The source system is an Oracle 11.2 database which resides on the office network. The end users of the data warehouse are also based on the office network.

An EC2 linux instance with EBS storage was used to host the ETL software and act as a file store. In this instance, the ETL tool we used was Oracle Data Integrator.
S3 storage buckets were used to enable loading data to and from the data warehouse
A Redshift cluster was used for the data warehouse database engine
All server and database instances were created inside a VPC, with connectivity to the office network via VPN. VPC allowed us to create a private network in the cloud (in this case acting as an extension of the office network), which could be locked down and isolated away from the public internet as required.

Why Redshift?

Redshift is part of Amazon’s suite of database offerings, and is specifically designed for data warehouse type analysis. It operates as a service (similar to RDS), in that you don’t have access to any of the backend server instances and need only use either the console or in-database commands to manage the database. It is based on Paraccel and PostgreSQL, and uses columnar storage & MPP principles to provide predictable and scalable fast performance.

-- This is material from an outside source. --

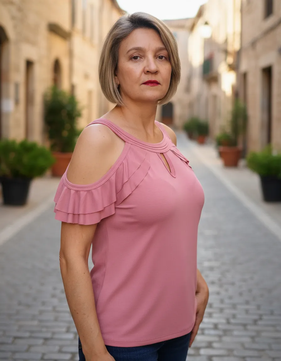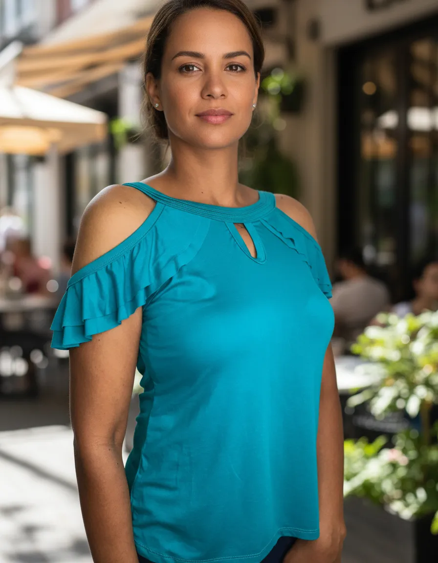 Blusa feminina confeccionada em 96% viscose e 4% elastano, com toque leve, macio e confortável. O modelo traz ombros vazados (ciganinha moderna) e detalhe em babados nas mangas, que conferem charme e feminilidade. O decote arredondado com recorte frontal adiciona um toque delicado e elegante. — ideal para compor looks frescos, estilosos e cheios de personalidade.

It’s pricing model is on-demand or by reserved instance, and is set on a per node basis (of which there are several node types, optimized for either performance or capacity depending on your needs). This allows you to provision and pay only for what you need – ie you can start small, and flex up your system as and when necessary.

Step 1: Extract data from source

There are several approaches and considerations as to how this is done with Oracle, based on your requirements. We’ll not go into detail here, but if you need to capture changes at a granular level then you’ll want to look into a commercial change data capture technology, of which there are several – Oracle’s Goldengate or Attunity’s Cloudbeam service (which captures changes on your source and propagates them to your redshift cluster) to name two of them.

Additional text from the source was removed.